3 Exercises To Help With Most Cases Of Shoulder Pain

3 Exercises To Help With Most Cases Of Shoulder Pain

Anyone who has had shoulder pain knows how incredibly painful it can be. Just trying to do everyday activities like carrying groceries or working at the computer can seem pretty debilitating.

People with shoulder pain often get diagnosed with “impingement syndrome” or “rotator cuff tendinitis” by their doctors. If the diagnosis is nothing severe like a torn muscle/tendon, fracture, or even a bursitis, exercise and anti-inflammatory drugs are usually what the doctor suggests.

So, you usually get a prescription for a non-steroidal anti-inflammatory drug, or, NSAID, such as Naproxen or Motrin. The typical “take two of these and call me in the morning” type doctor visit.

Disclaimer: This article is not meant to be medical advice for anyone reading it. However, as a physical therapist, a lot of my personal patients ask me what is the best exercises to do to get rid of shoulder pain. I have to tell them that there are definitely some that they actually want to avoid. These are generally the “pushing” exercises.

Because most cases of shoulder pain are due to “impingement” problems, pushing exercises typically make these symptoms worse. The reason this happens is that when you things like overhead or bench presses (or anything like these), it can cause the tendons of the shoulder to be pinched between the arm bone and the shoulder blade. This is the real cause of most cases of shoulder pain.

What you want to do are exercises that actually open the gap between these two bones. When you increase the relative space between the humerus and the scapula, you relieve the pressure on the tissues which leads to a decrease in inflammation. This in turn will lead to an increase in circulation to the area and allow some healing to take place.

Along with icing the area, the 3 exercises that I recommend people do are 1) shrugs, 2) lat pulldowns, and 3) triceps push downs When doing them, I have found it best to use a minimal to moderate amount of weight. Remember, this isn’t strength training. All you are trying to do is sufficiently activate the target muscles so as to give yourself some pain relief.

Let me go over the rationale for each of these exercises.


Doing shrugs, whether straight up and down or in a circular motion, actually will draw the scapula back and down. The shrugging motion hits the upper and middle traps, as well as the rhomboid muscles ( these are the major muscles, but not the only muscles the exercise hits).

When the traps and rhomboids are activated, they actually work to bring the shoulder blade back and down. When the shoulder blade tips back, the “acromium process” is moved away from the upper arm bone and away from the tendons that are being pinched.

Lat Pulldowns

Moving on the latissimus pulldown exercise. The latissimus muscle attaches to the inside of the upper arm. It works to pull the upper arm behind the body. The pulldown motion will also recruit other minor muscles that will work along side the latissimus to reposition the arm bone is a more proper place

As a secondary added benefit, doing a lat pull down will also draw the shoulder blades back and away from the upper arm. This will provide even more relief of pressure on the sore spots.

Triceps Push Downs

A frequent offender in shoulder pain cases is the biceps tendon. The long head of the biceps to be specific. This is because this small tendon goes up and over the front of the shoulder joint and attaches to the top part of the shoulder joint itself. So, to deal with shoulder pain, you need a good exercise to relieve some of the pressure and tension on the biceps muscles.

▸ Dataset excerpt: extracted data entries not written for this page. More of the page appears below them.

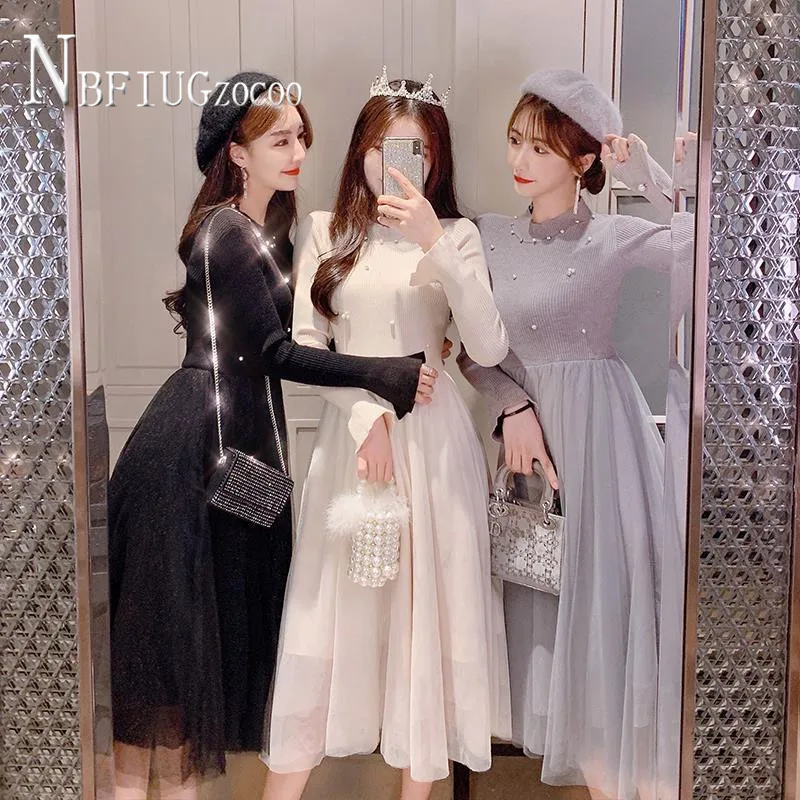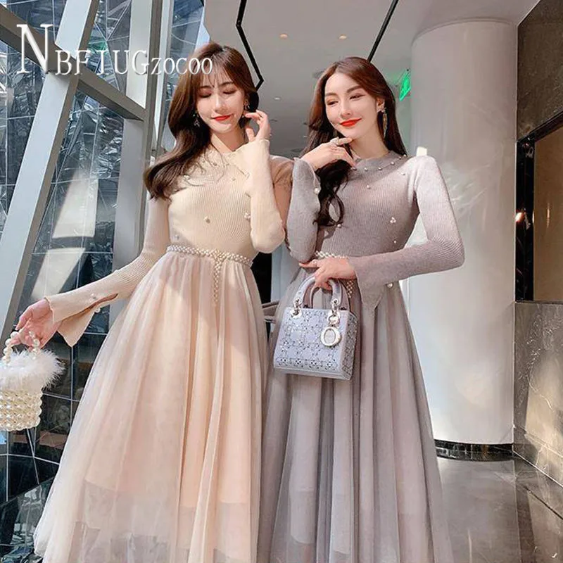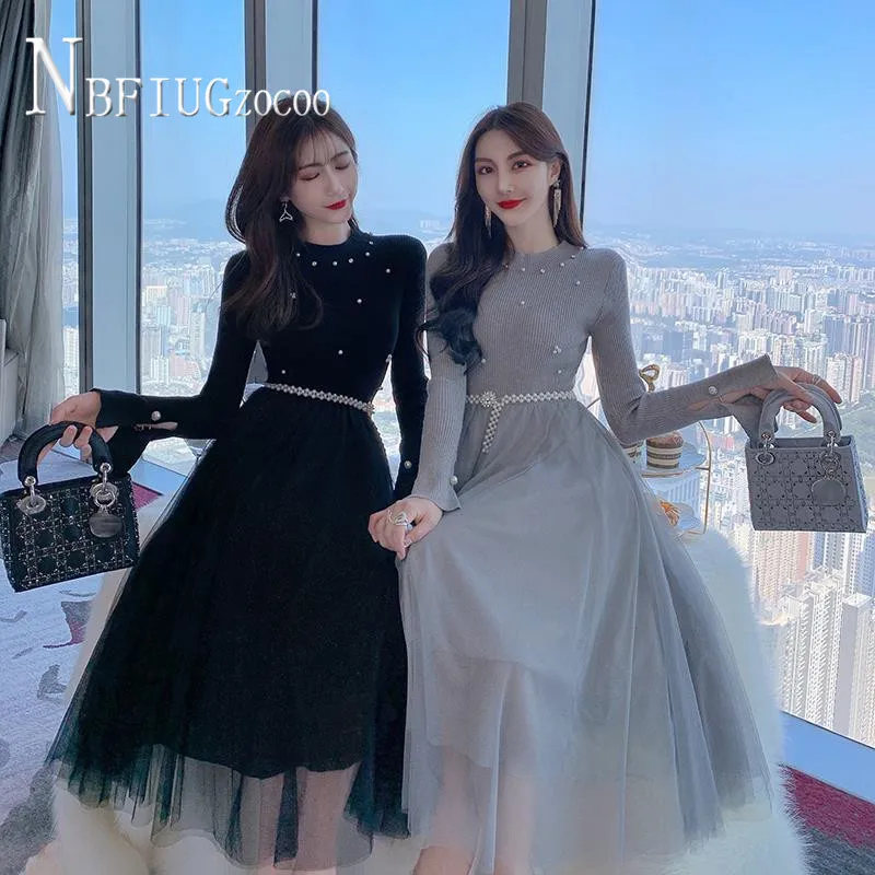 Новинка Осень-зима 2020, облегающее женское платье, вязаные женские платья составного кроя
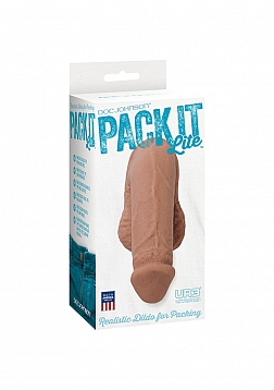 Pack It Lite! Specifically designed for comfortable all-day wear, Pack It fits perfectly in jockey shorts, jock straps, and packing shorts. Boasting an authentic look and feel, complete with veined detailing and plush balls, this solid yet soft UR3® packer is 4.5" long, with a 1" width. Available in White, Brown, and Black. Made of phthalate-free body-safe Material with Doc Johnson's antibacterial Sil-A-Gel formula.
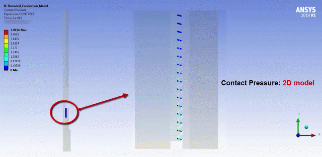 This animation shows the change in contact pressure for the threaded connection during the entire analysis:
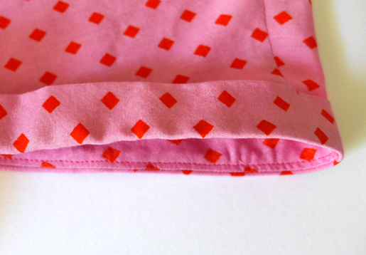 I did my pocket binding as pictured above. Step 1- sew the binding to the right side of the pocket, stitching in the first fold. Step 2- wrap the binding to the wrong side, pressing it to the edge of the stitching. Step 3- stitch the binding in place at the inner edge. Step 4- then sew the pockets to the dress at the outer edge of the binding.
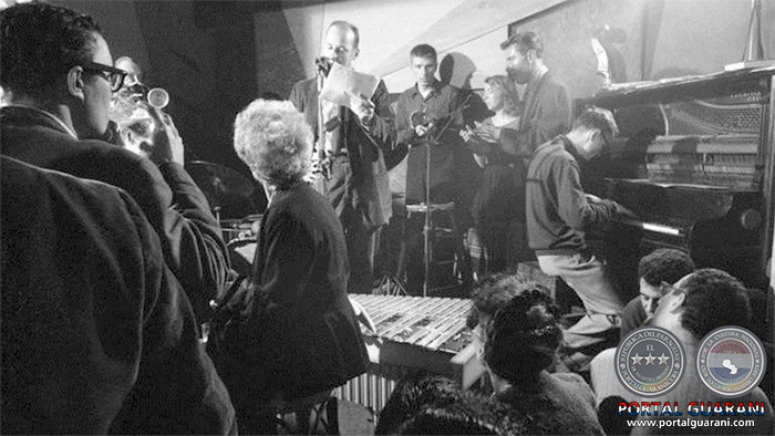 Lawrence Ferlinghetti recitando en el club Jazz Cellar de San Francisco, 1957
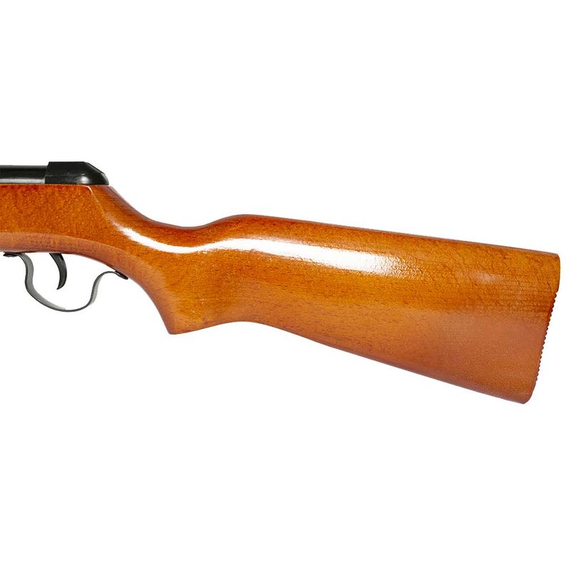 Fabricada em madeira de alta qualidade, a Carabina QGK MD-B 5,5mm .22 pesa 3kg muito bem distribuídos.
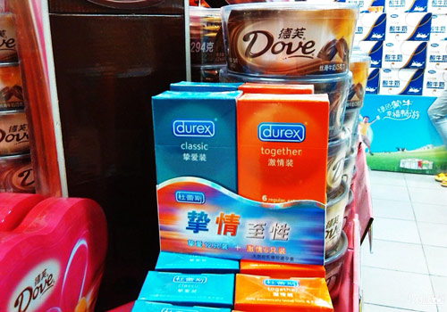 小编走访:避孕套“搭车”德芙巧克力展架促销
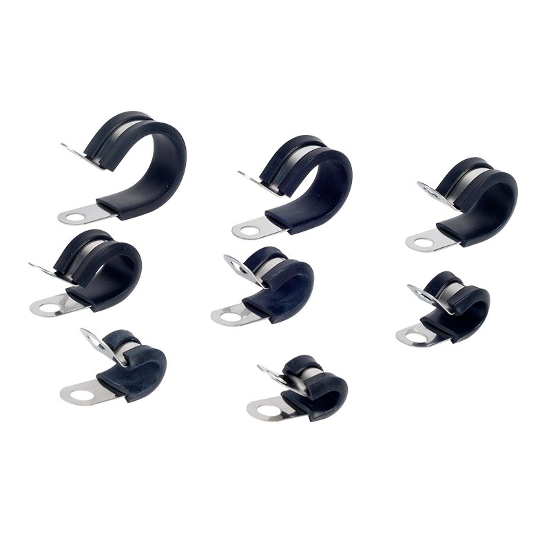 304不锈钢连胶条喉箍 R型胶条卡箍 电缆电线固定夹减震管卡抱箍
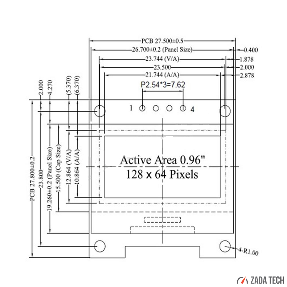 Découvrez les dimensions de l'écran OLED 0.96" ci-dessous :
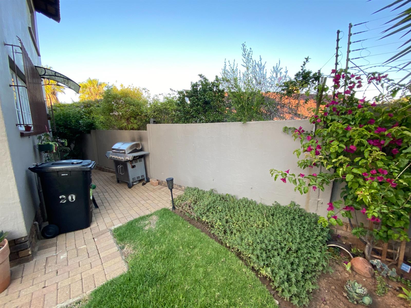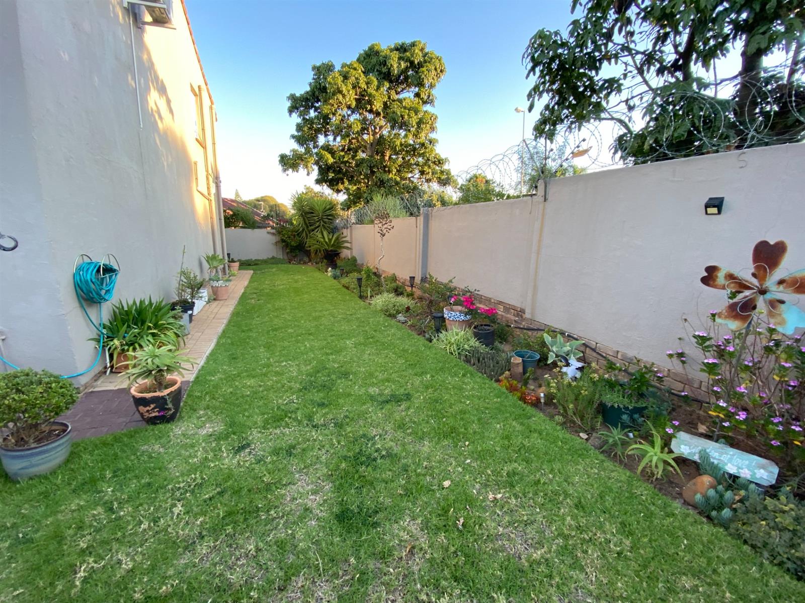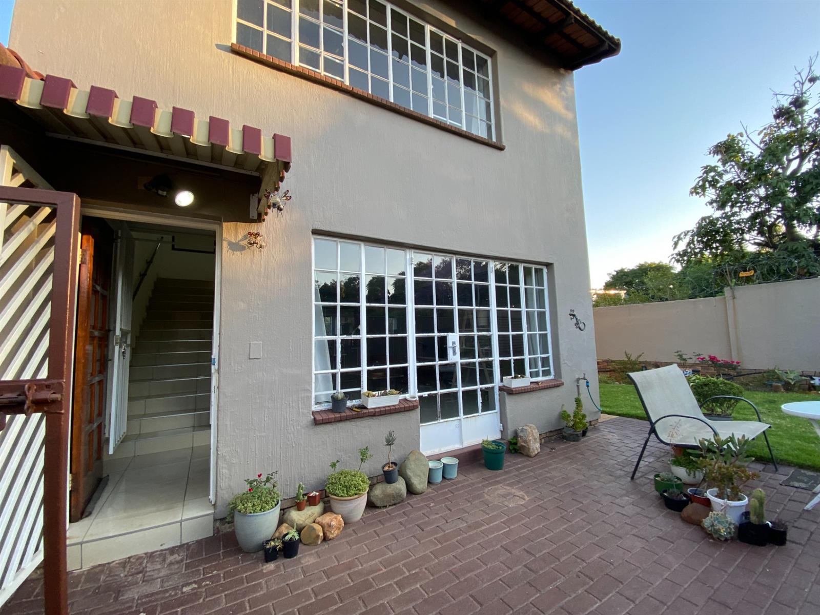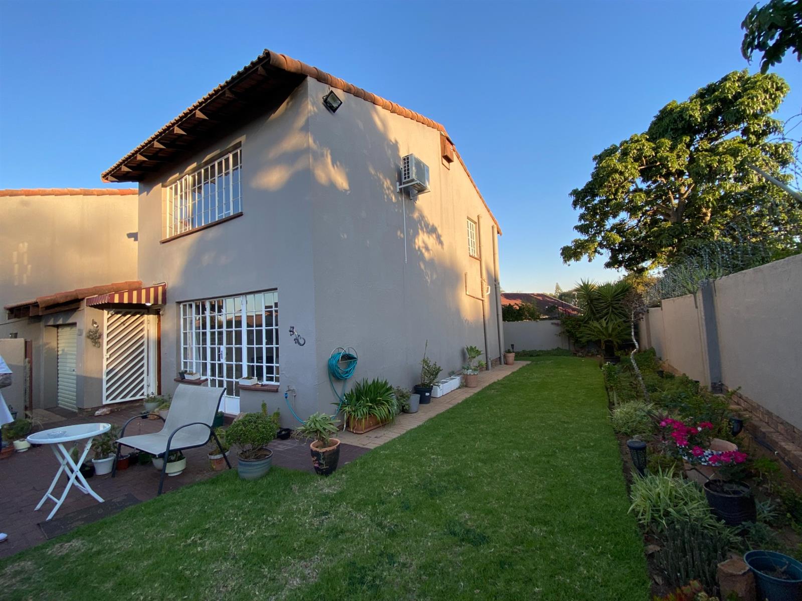 This is an absolutely stunning corner unit in a stunning complex in Sundowner with 2 bedrooms upstairs, both with en-suite bathrooms – both with shower, toilet, and basin. A beautiful downstairs open-plan living area that was tiled a short while ago, and which looks stunning. Open-plan lounge, dining room, and kitchen, and the lounge gives you access to a stunning wrap-around garden, which must be one of the key drawcards for this unit.
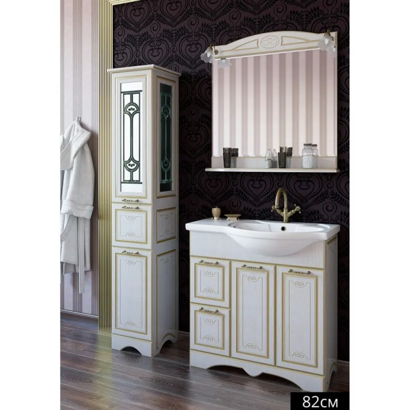 - Эстетичное оформление: Белое патина золото отлично сочетается с любой цветовой гаммой ванной комнаты.
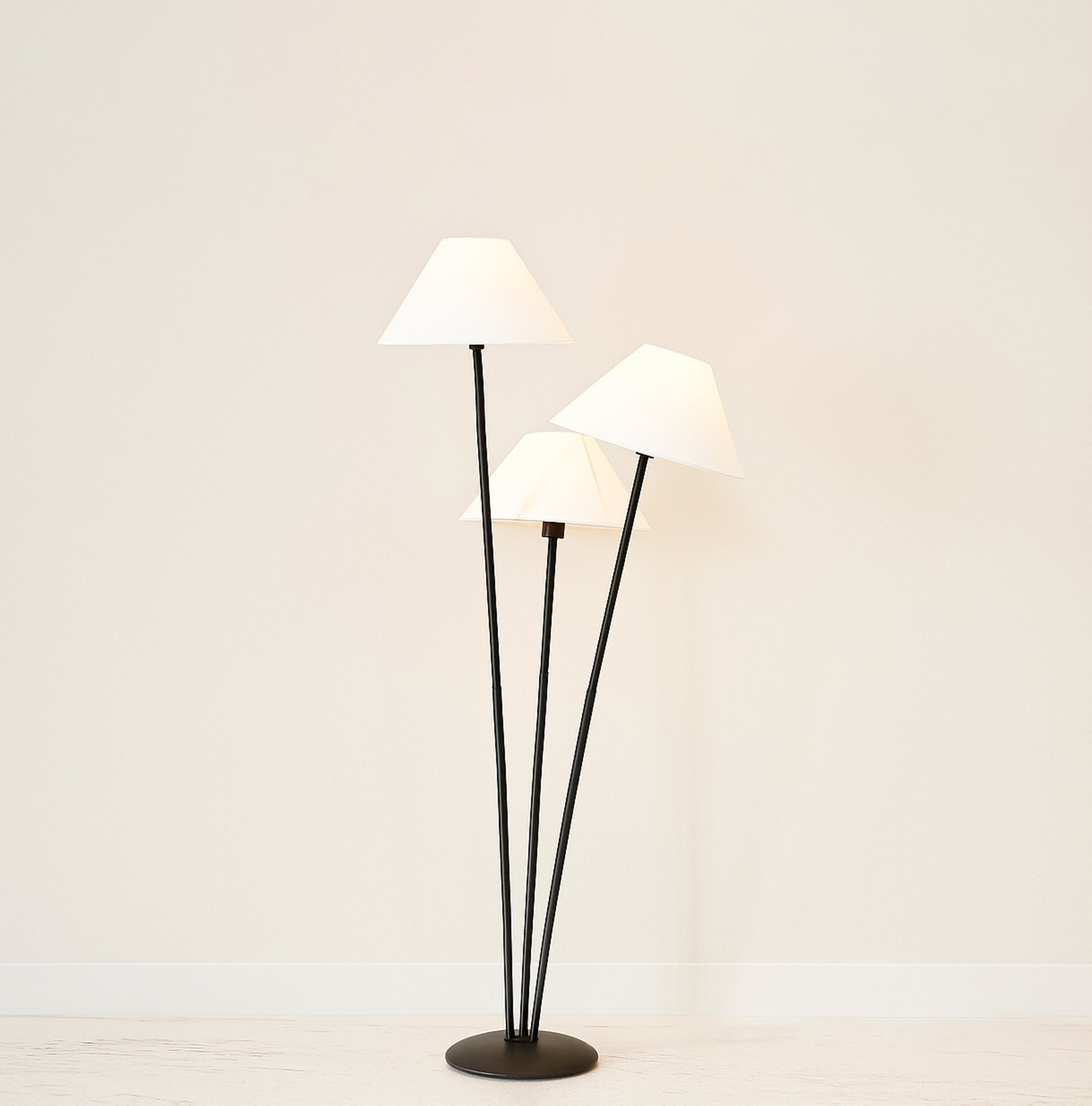 Illuminate your space with this elegant three-light lamp, designed to enhance any room's ambiance. Each lamp features a unique shade that diffuses light beautifully, creating a warm and inviting atmosphere. The sturdy base ensures stability, while the modern design complements various decor styles. Perfect for reading, working, or simply adding a touch of sophistication to your home, this lamp is a versatile addition to your lighting collection. Upgrade your interior with this stylish and functional piece today.
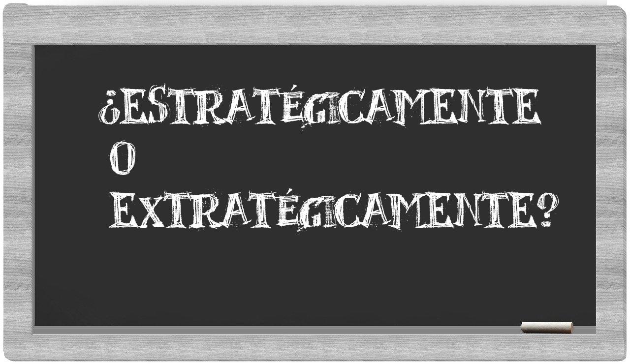 Cuando se presenta la elección entre las expresiones estratégicamente y extratégicamente, es fundamental que no titubees, puesto que únicamente estratégicamente se registra de manera adecuada. Por otro lado, extratégicamente carece de reconocimiento en el Diccionario de la Real Academia de la Lengua.
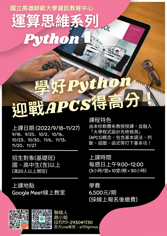 1、Python程式語言 1 (上課日期:2022/9/18-11/27)。
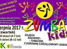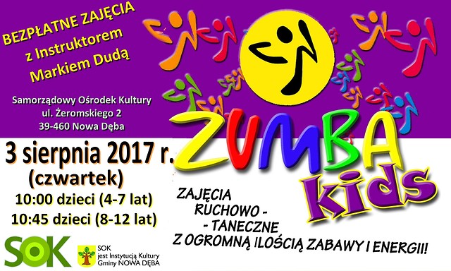 Zapraszamy wszystkie dzieci na warsztaty taneczne "Zumba Kids”, które odbędą się 3 sierpnia (czwartek) 2017 r. o godz. 10:00 w sali tanecznej SOK. Instruktor Marek Duda Zumbą Kids wprowadzi dzieci do świata tańca i fitnessu poprzez zabawę oraz proste choreografie do największych hitów muzyki popularnej i dynamicznej muzyki latynoamerykańskiej. Wstęp wolny!
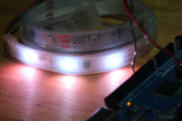 Usé una fuente 12V, un Arduino Mega y una tira de LED Tricolor de Radioshack.
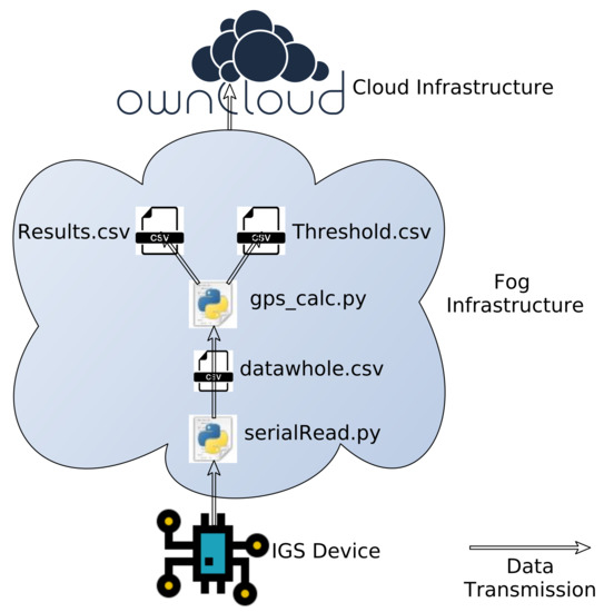 Each FD contains a directory which includes five (5) files in total (i) datawhole.csv, (ii) Threshold.csv, (iii) Results.csv, (iv) serialRead.py, and (v) gps_calc.py just as shown in Figure 5. Each directory synchronizes with the OwnCloud directory to keep the stored records up to date. In other words, the server is now able to merge the information of multiple IGS devices into one file. Apart from the files where the data and the information is stored, each directory includes the scripts used by the FDs to collect the data and extract the information needed. More precisely the file named datawhole.csv contains all the raw data collected by the IGS devices. The file named Threshold.csv includes all the previous speed records which the system uses to compare the calculated average speed and describe the state of the vehicle. All the information extracted by the system is stored in the file named Results.csv. Every FD runs both ’.py’ scripts as presented in Figure 5. The script named serialRead.py monitors the serial communication with the IGS device and stores data during every MTS-IGS communication. The second script is named gps_calc.py and it is responsible for extracting the information needed and saving it in the file named Results.csv.
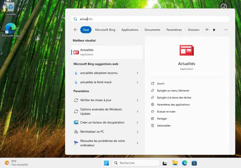 Avant l'application de cette stratégie, ma machine disposait bien de certaines applications ciblées comme Clipchamp et Actualités (Microsoft News).

The triceps push down is just such an exercise. When you do the exercise correctly with fixed elbows at your side, you isolate the working triceps muscles. This in turn will actually reduce the tension and pain in the biceps muscle and give even more shoulder pain relief.

When you work the triceps, the brain has to relax the biceps. This automatic and neurological relaxation relieves the muscular tension on the front side of the arm and brings a good deal of pain reduction to the inflamed and irritated tissues on the front of the arm and into the joint.

When starting out with these 3 exercises, the important thing to remember is that you don’t need to be aggressive when doing them. Your reps should be relatively slow and deliberate. Shoot for 10-15 reps and no more than 3 sets. Your weight should be minimal to moderate. Just enough for you to feel the resistance. Be aware of any signs of increase in pain or symptoms and stop the exercises if you feel any increase in pain.

It’s good for anyone trying to get rid of shoulder pain to avoid all other types of upper body work until your shoulder pain has been totally resolved for at least a week. 2-3 weeks.

Remember, consult your own physical therapist or doctor and see what they say before you jump into doing any type of exercise program for pain.